** TO DO **
The pictures get left out, but everything else in the listing below must be duplicated exactly.

** RAW DATA **
┌──

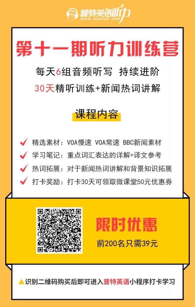 关注普特的小伙伴们都知道普特一直开设听力训练营来和大家一起坚持练习听力,那第十一期听力训练营(30天听力进阶训练)开始报名啦!前200名只需39元!
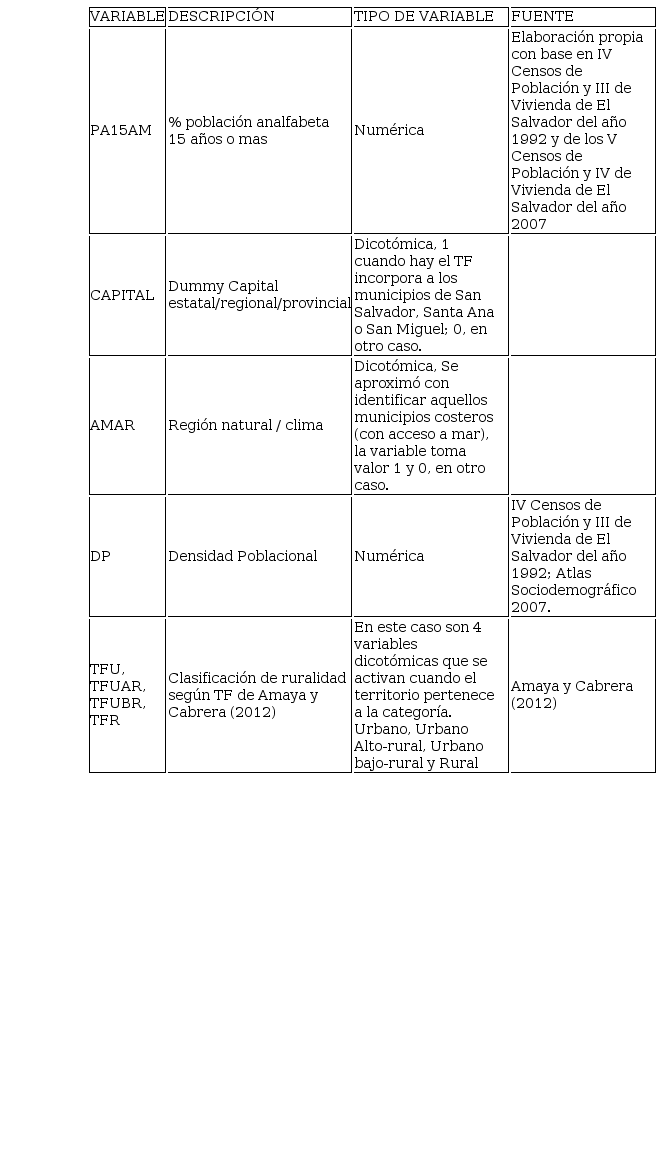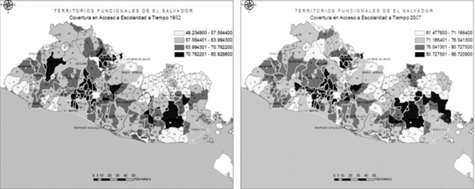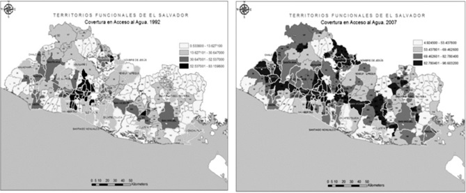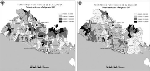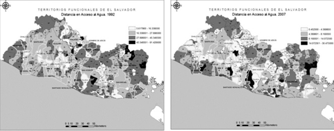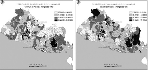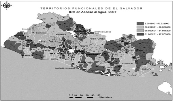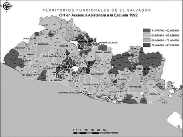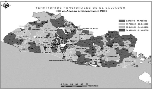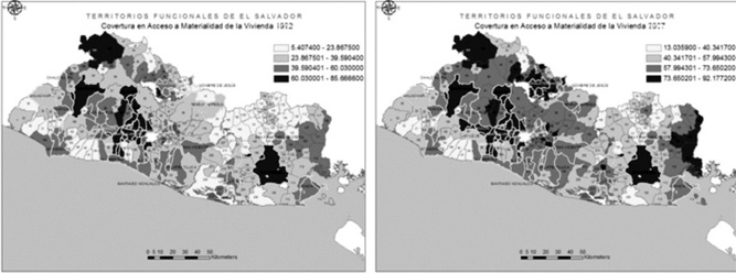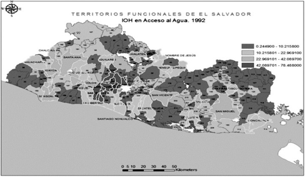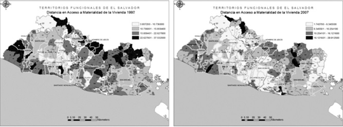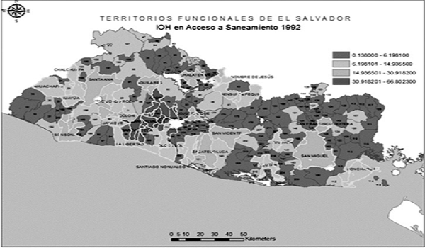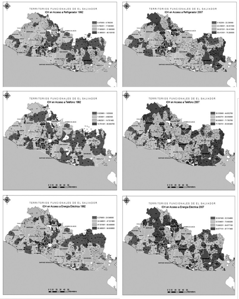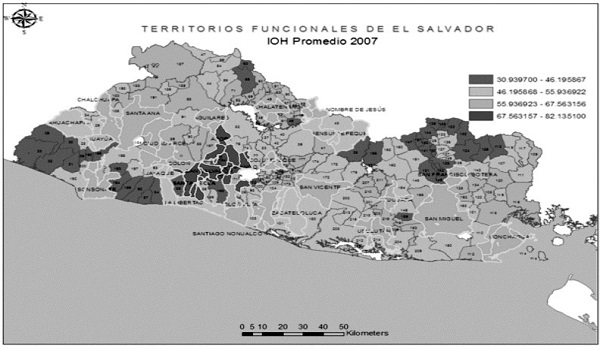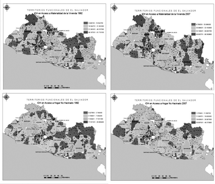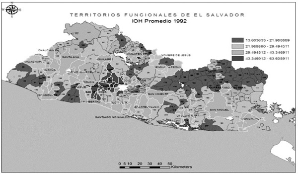 La aplicación para el caso de El Salvador consistió en una estimación territorial del IOH para los dos últimos años en que se realizaron los censos de población y vivienda (1992 y 2007). La desagregación territorial elegida fueron los territorios funcionales estimados por Amaya y Cabrera (2013).
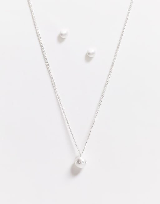 Set de regalo de collar chapado en plata con pendientes de plata con perlas de Pilgrim
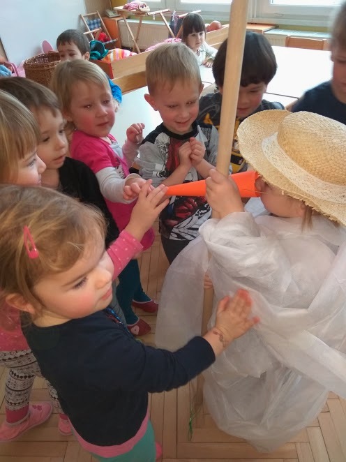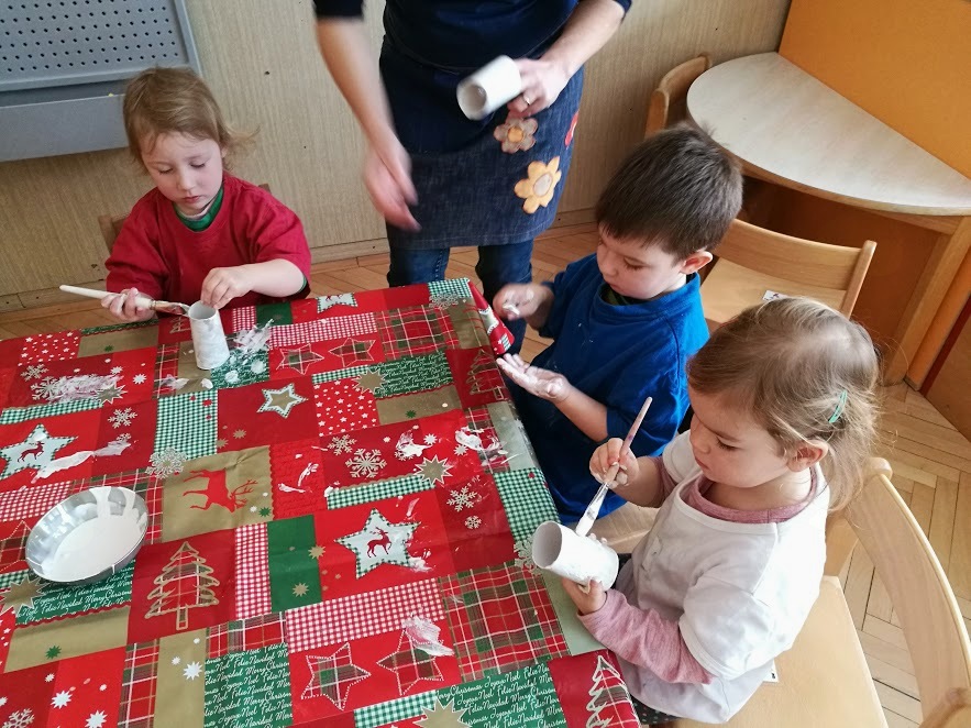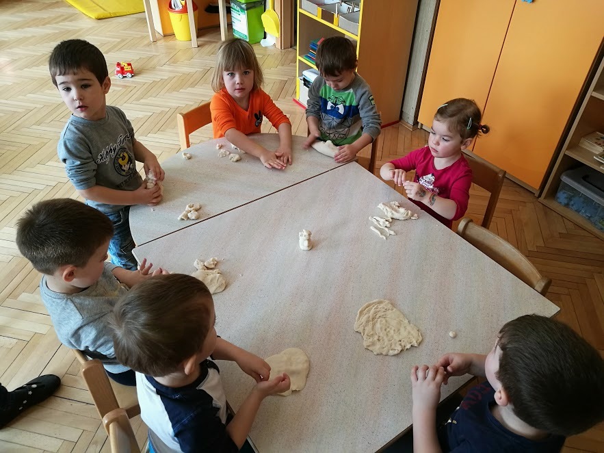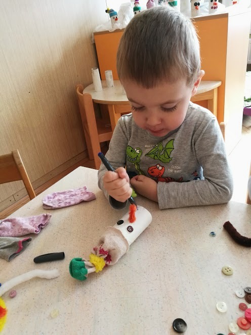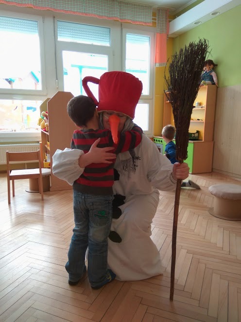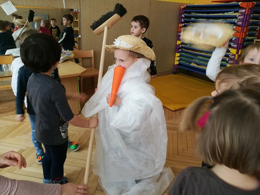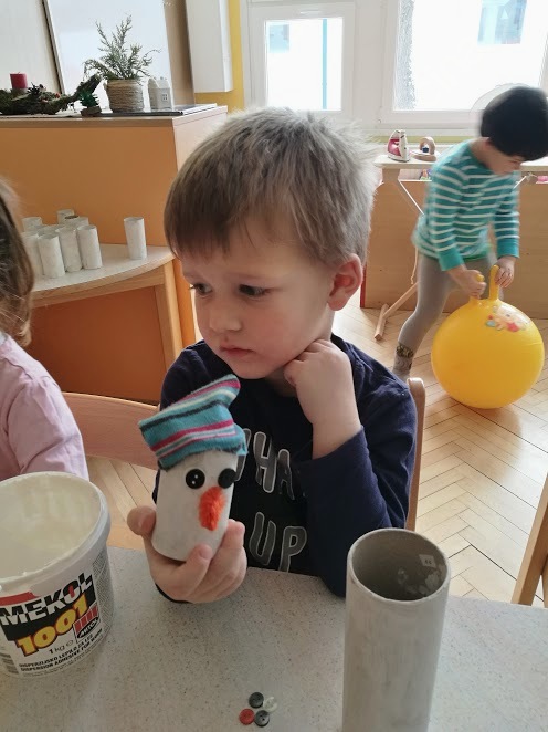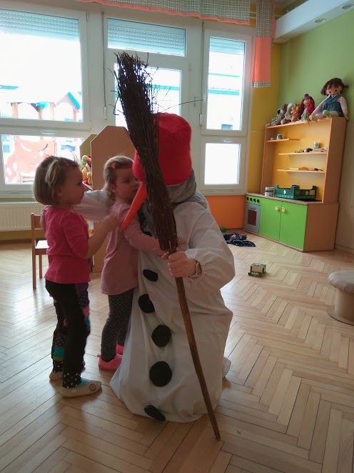 "Lej, zuna sneg gleee" je odmevalo v naši igralnici. Veselje in radost otrok sta bili nepopisni, zato smo se hitro odpravili na vrtčevsko dvorišče. Skupaj smo napravili snežaka, se sankali po našem hribu in se kepali s sneženimi kepami. V vrtcu smo iz slanega testa oblikovali snežake ter jih izdelali tudi iz odpadnih rolic. Otroci so bili nad delom navdušeni, še bolj pa jih je razveselil obisk snežaka v igralnici. Seveda so potem tudi sami oblekli njegova oblačila, se igrali, peli pesmice in plesali.

└──

** SOLUTION TO THIS TASK **
 关注普特的小伙伴们都知道普特一直开设听力训练营来和大家一起坚持练习听力,那第十一期听力训练营(30天听力进阶训练)开始报名啦!前200名只需39元!
 La aplicación para el caso de El Salvador consistió en una estimación territorial del IOH para los dos últimos años en que se realizaron los censos de población y vivienda (1992 y 2007). La desagregación territorial elegida fueron los territorios funcionales estimados por Amaya y Cabrera (2013).
 Set de regalo de collar chapado en plata con pendientes de plata con perlas de Pilgrim
 "Lej, zuna sneg gleee" je odmevalo v naši igralnici. Veselje in radost otrok sta bili nepopisni, zato smo se hitro odpravili na vrtčevsko dvorišče. Skupaj smo napravili snežaka, se sankali po našem hribu in se kepali s sneženimi kepami. V vrtcu smo iz slanega testa oblikovali snežake ter jih izdelali tudi iz odpadnih rolic. Otroci so bili nad delom navdušeni, še bolj pa jih je razveselil obisk snežaka v igralnici. Seveda so potem tudi sami oblekli njegova oblačila, se igrali, peli pesmice in plesali.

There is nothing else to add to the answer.